After that, the only thing we need to do is simulation, and I find that the wanted input is 1 2 4 8 16 32.
read_six_numbers
Dump of assembler code for function read_six_numbers:
0x000000000040145c <+0>: sub $0x18,%rsp
0x0000000000401460 <+4>: mov %rsi,%rdx
0x0000000000401463 <+7>: lea 0x4(%rsi),%rcx
0x0000000000401467 <+11>: lea 0x14(%rsi),%rax
0x000000000040146b <+15>: mov %rax,0x8(%rsp)
0x0000000000401470 <+20>: lea 0x10(%rsi),%rax
0x0000000000401474 <+24>: mov %rax,(%rsp)

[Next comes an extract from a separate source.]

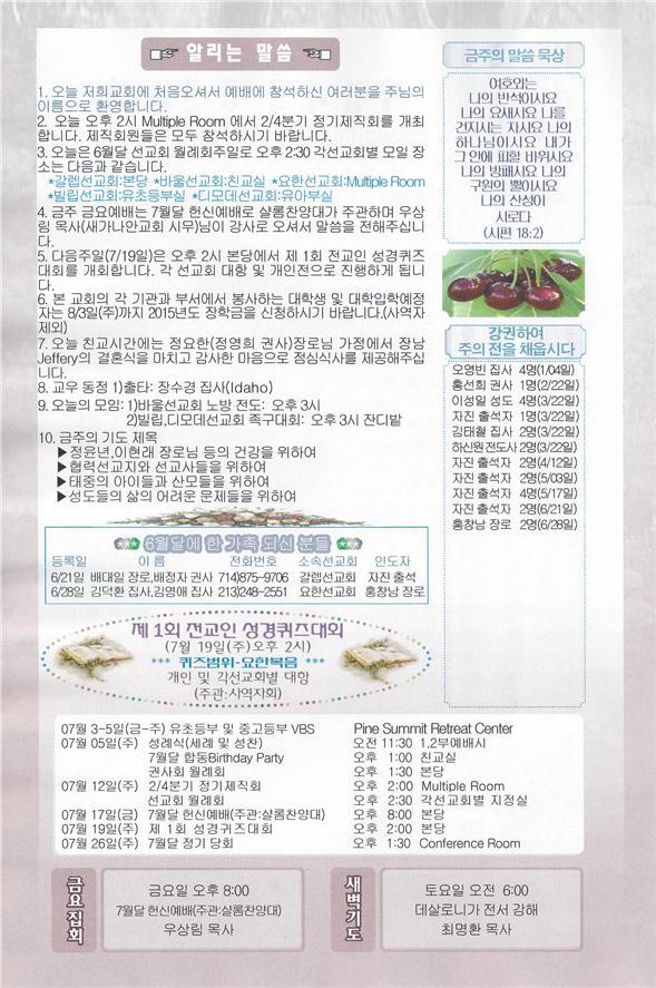 07/12/15 주일 교회 소식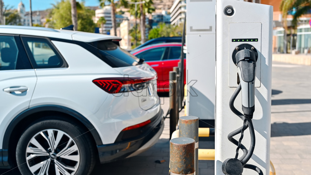 A young man with smartphone at a car charging station and charging electric car nearby. Chisinau, Moldova

0x0000000000401478 <+28>: lea 0xc(%rsi),%r9
0x000000000040147c <+32>: lea 0x8(%rsi),%r8
0x0000000000401480 <+36>: mov $0x4025c3,%esi
0x0000000000401485 <+41>: mov $0x0,%eax
0x000000000040148a <+46>: callq 0x400bf0 <__isoc99_sscanf@plt>
0x000000000040148f <+51>: cmp $0x5,%eax
0x0000000000401492 <+54>: jg 0x401499 <read_six_numbers+61>
0x0000000000401494 <+56>: callq 0x40143a <explode_bomb>
0x0000000000401499 <+61>: add $0x18,%rsp
0x000000000040149d <+65>: retq
The core part of this procedure is to understand what is sscanf
in C. Here, we should pass 8 parameters to it. However, when the number of arugments is over 6, we have to store the extra parameters into the stack, like line +15 and +24. You can find all the arguments based on the image above, accoridng to ABI (Application Binary Interface), the traditional usage of registers.
So, read_six_numbers
procedure just parse 6 decimal numbers from the input string and stores them in the stack. After decoding what this procedure is about, we can go back to phase_2
procedure.
Phase 3
Dump of assembler code for function phase_3:
0x0000000000400f43 <+0>: sub $0x18,%rsp
0x0000000000400f47 <+4>: lea 0xc(%rsp),%rcx
0x0000000000400f4c <+9>: lea 0x8(%rsp),%rdx
0x0000000000400f51 <+14>: mov $0x4025cf,%esi
0x0000000000400f56 <+19>: mov $0x0,%eax
0x0000000000400f5b <+24>: callq 0x400bf0 <__isoc99_sscanf@plt>
0x0000000000400f60 <+29>: cmp $0x1,%eax
0x0000000000400f63 <+32>: jg 0x400f6a <phase_3+39>
0x0000000000400f65 <+34>: callq 0x40143a <explode_bomb>
0x0000000000400f6a <+39>: cmpl $0x7,0x8(%rsp)
0x0000000000400f6f <+44>: ja 0x400fad <phase_3+106>
0x0000000000400f71 <+46>: mov 0x8(%rsp),%eax
0x0000000000400f75 <+50>: jmpq *0x402470(,%rax,8)
0x0000000000400f7c <+57>: mov $0xcf,%eax
0x0000000000400f81 <+62>: jmp 0x400fbe <phase_3+123>
0x0000000000400f83 <+64>: mov $0x2c3,%eax
0x0000000000400f88 <+69>: jmp 0x400fbe <phase_3+123>
0x0000000000400f8a <+71>: mov $0x100,%eax
0x0000000000400f8f <+76>: jmp 0x400fbe <phase_3+123>
0x0000000000400f91 <+78>: mov $0x185,%eax
0x0000000000400f96 <+83>: jmp 0x400fbe <phase_3+123>
0x0000000000400f98 <+85>: mov $0xce,%eax
---Type <return> to continue, or q <return> to quit---
0x0000000000400f9d <+90>: jmp 0x400fbe <phase_3+123>
0x0000000000400f9f <+92>: mov $0x2aa,%eax
0x0000000000400fa4 <+97>: jmp 0x400fbe <phase_3+123>
0x0000000000400fa6 <+99>: mov $0x147,%eax
0x0000000000400fab <+104>: jmp 0x400fbe <phase_3+123>
0x0000000000400fad <+106>: callq 0x40143a <explode_bomb>
0x0000000000400fb2 <+111>: mov $0x0,%eax
0x0000000000400fb7 <+116>: jmp 0x400fbe <phase_3+123>
0x0000000000400fb9 <+118>: mov $0x137,%eax
0x0000000000400fbe <+123>: cmp 0xc(%rsp),%eax
0x0000000000400fc2 <+127>: je 0x400fc9 <phase_3+134>
0x0000000000400fc4 <+129>: callq 0x40143a <explode_bomb>
0x0000000000400fc9 <+134>: add $0x18,%rsp
0x0000000000400fcd <+138>: retq
This phase is interesting. The code before line +24 is easy to understand, which is parsing two decimal from the input and storing them in the stack. The most interesting part is line +50, where the code unconditionally jumps to an address according to the first input number! I was stuck for quite a while to thinking. After some trials like the first number is 0, 1, …, I find that there are multiple groups of input leading to a valid result.
Have a quick browse on how this phase is defused successfully, we can find that there are many ways jumping to line +123, which compares the second input with %eax
. What’s more, there are many lines moving immediate number to %eax
like line +57, +64, etc. We can guess the interesting line +50 is to jump to one of the line.
After trying (gdb) x/w 0x402470: 0x00400f7c
, it refers to line +57, which means the base of the jumping is line +57. So, one of the answers: 1 311 comes out naturally.